Transformer networks can be used on a variety of natural language processing tasks. They are typically pre-trained on a task with a large corpus of data that requres no human annotation, and then fine tuned on more specific tasks. Some task-specific dense layers ("heads") are put on top of the core architecture and trained for that purpose.

However, it is also possible to train on a mixture of the usual pre-training tasks and some more specific (benchmark) tasks. That way, while performance on the targeted tasks might be a bit less, it is not necessary to use separate heads for each task.
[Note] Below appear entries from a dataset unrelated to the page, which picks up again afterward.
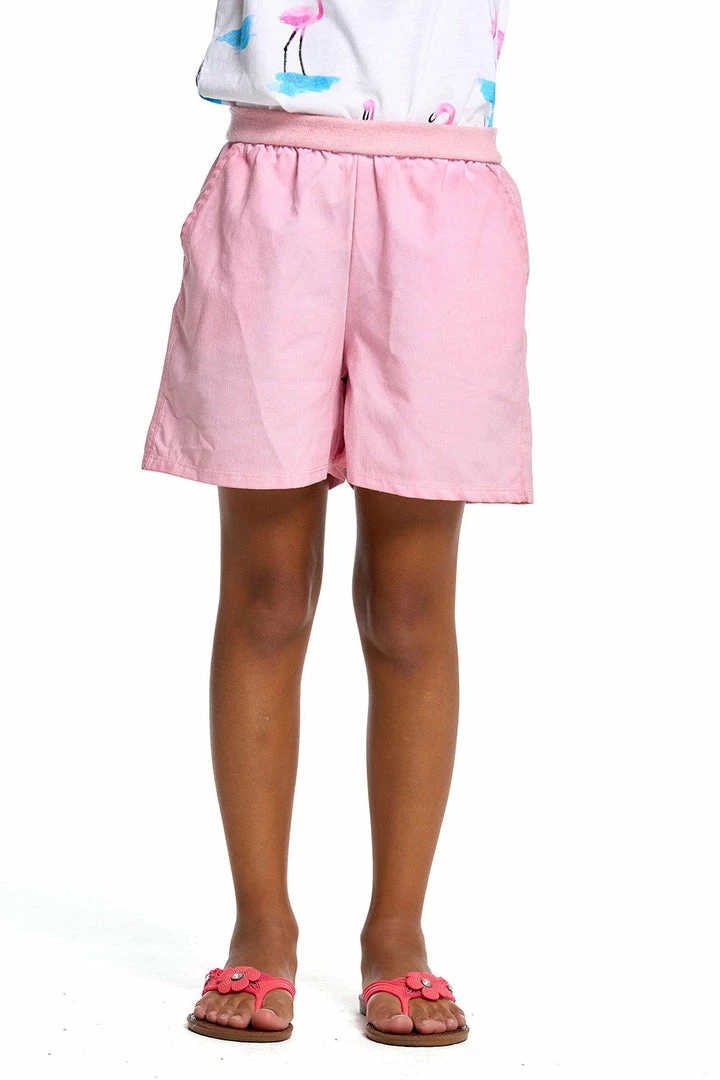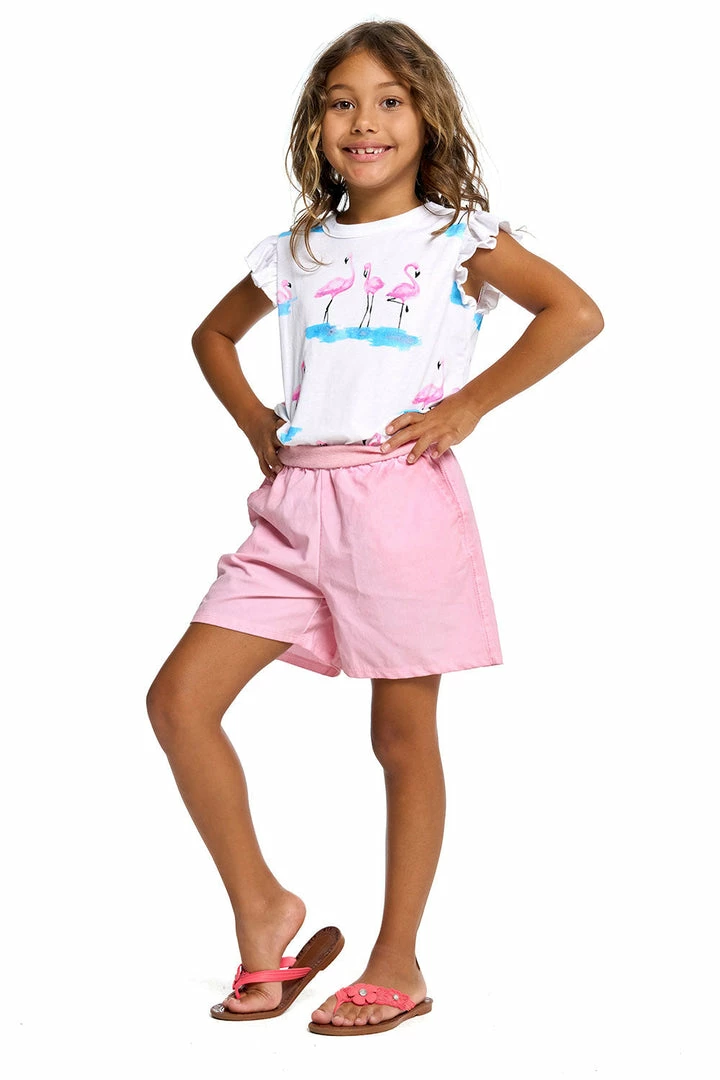 The feel of lounge with the look of luxe. Getting her dressed in the morning just got a whole lot easier with our Girls Heirloom Woven Flouncy Shorts, treated with a pink mineral wash for extra comfort (and coolness). Make it a matching moment by scooping up the tee to go with!
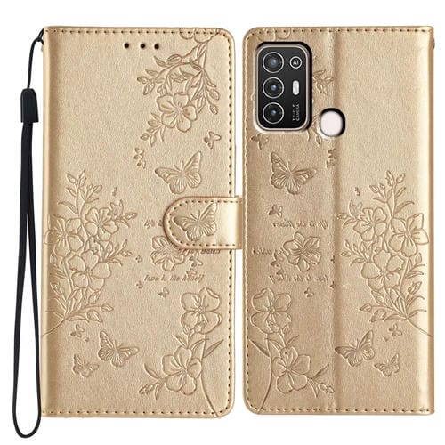 Funda para ZTE Blade A52 de Cuero con Relieve Flor de Amor y Mariposa (Dorado)
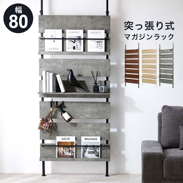 突っ張りマガジンラック 突っ張りラック 棚 おしゃれ 幅80cm
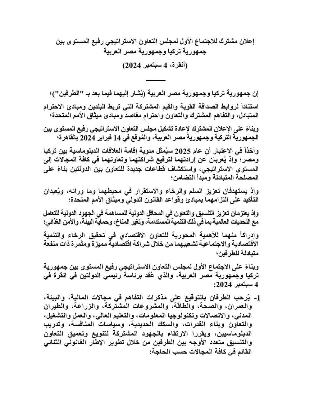 الإعلان المشترك للاجتماع الأول لمجلس التعاون الاستراتيجي رفيع المستوى بين مصر وتركيا

This can be done by prefixing samples from a specific tasks with a corresponding textual command, e.g., if you want to translate sentence *X* from English to German, you input "translate from English to German: *X*"

Google's T5 (text-to-text transfer transformer) method uses that approach. It uses an encoder-decoder transformer network, and is described in detail in [this paper](https://arxiv.org/pdf/1910.10683.pdf). The Huggingface transformers Python package provides an [easy way](https://huggingface.co/transformers/model_doc/t5.html) to use it. There are actually [five different versions](https://huggingface.co/transformers/pretrained_models.html) of the model: "small" with 60M parameters, "base" with 220M parameters, "large" with 770M parameters, "3B" with 2.8B parameters, and "11B" with 11B parameters. Below, we load the trained "large" and "small" models, each with a suitable tokenizer.

In [2]:
! pip install -q transformers
from timeit import default_timer
from transformers import TFAutoModelWithLMHead, AutoTokenizer

model = TFAutoModelWithLMHead.from_pretrained("t5-large")
tokenizer = AutoTokenizer.from_pretrained("t5-large")

smallmodel = TFAutoModelWithLMHead.from_pretrained("t5-small")
smallmtokenizer = AutoTokenizer.from_pretrained("t5-small")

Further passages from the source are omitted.